Answer: I'm pretty sure this is correct
Step-by-step explanation:
What you are testing is a distribution of means, because you have a sample of eleven individuals (N=11), a population mean, and the population variance. Basically, the problem is asking: what is the likelihood that the sample mean (153.45 lbs) could have been obtained from a population where (M=149) if the null hypothesis is true?
p1: 15 year old boys with a mean weight of 153.45 lbs from City "Unknown".
p2: 15 year old boys with a mean weight of 149.00 lbs from the population.
H1: The sample of boys from City "Unknown" was not drawn from a population where the average weight of 15 year old boys = 149lbs.

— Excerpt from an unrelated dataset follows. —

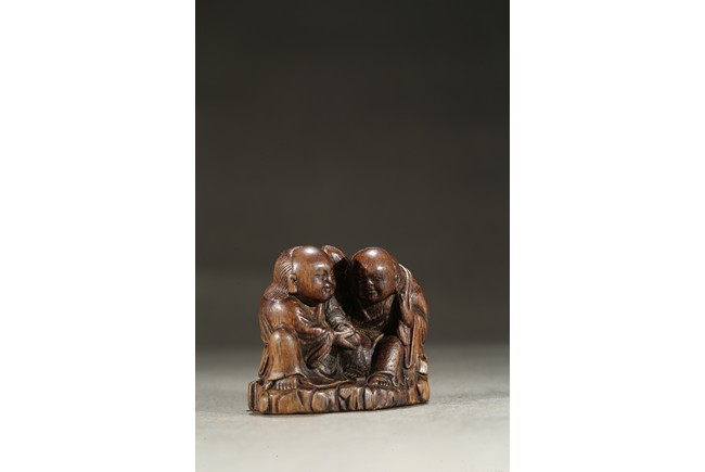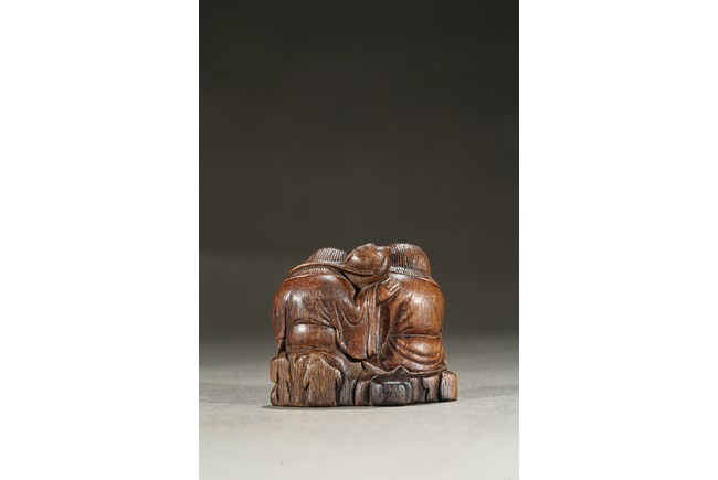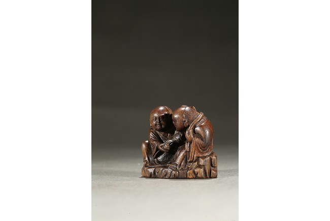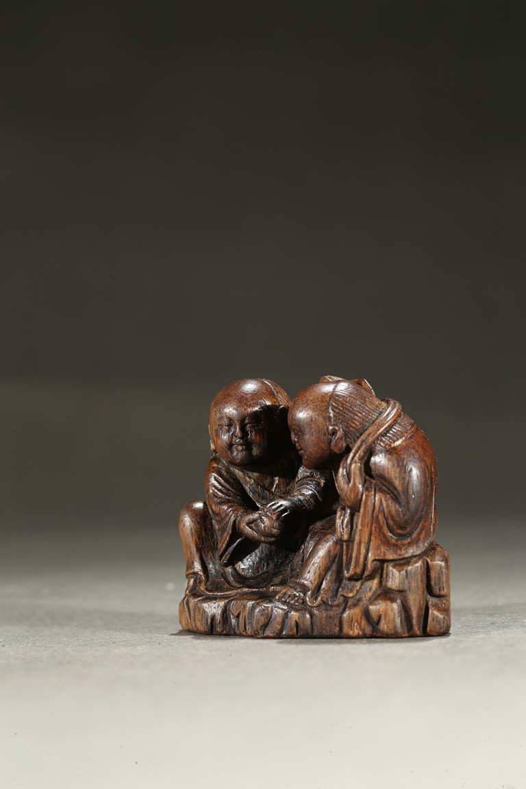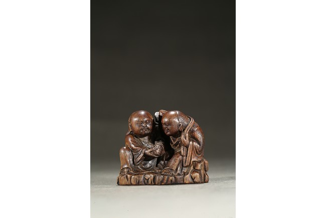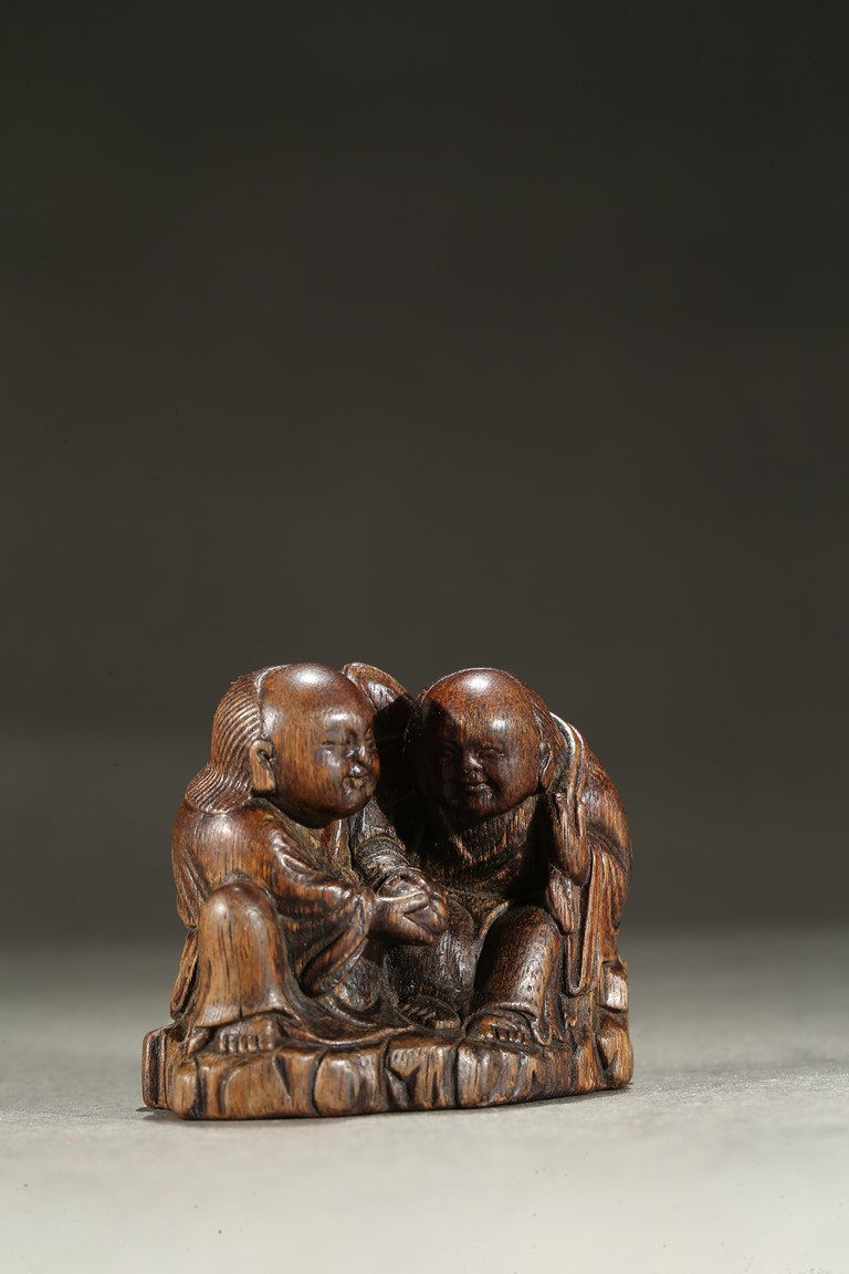 Finely carved in the form of the Hehe Erxian twins seated with wide smiles on their faces, both figures adorned in long flowing robes, both of them holding a brocade ball in one hand while the other wraps his arm around his twin's shoulder in a friendly embrace, the surface patinated to a reddish-brown color, with agarwood aroma. Qing Dynasty period.

H0: The sample of boys from City "Unknown" was drawn from a population where the average weight of 15 year old boys = 149lbs.
Mean = 149 [μM = μ = 149]
Variance = 16.2squared/11 = 262.44/11 = 23.86 [σM2 = σ2/N]
Standard Deviation = 4.88 [σM = √σM2 = √(σ2/N)]
Shape = normal
Using .01 level of significance for a two-tailed test, the cutoff sample score is +/- 2.575
Z = (M-µ) / σM = (153.45 - 149) / 4.88 = .91
.91 < 2.575
σM or the Standard Error of the Mean is 4.88 so...
for 99% confidence interval,
lower limit = 153.45 + (-2.575)(4.88) = 140.88
upper limit = 153.45 + (2.575)(4.88) = 166.02
the 99% confidence interval = 140.88 — 166.02 (lbs)
the population mean (µ=149.00) is included in the interval, which confirms results of Z test.
Conclusion: retain null, there is <.01 probability that the sample from City "Unknown" was drawn from a population where the mean weight is NOT = 149.00lbs.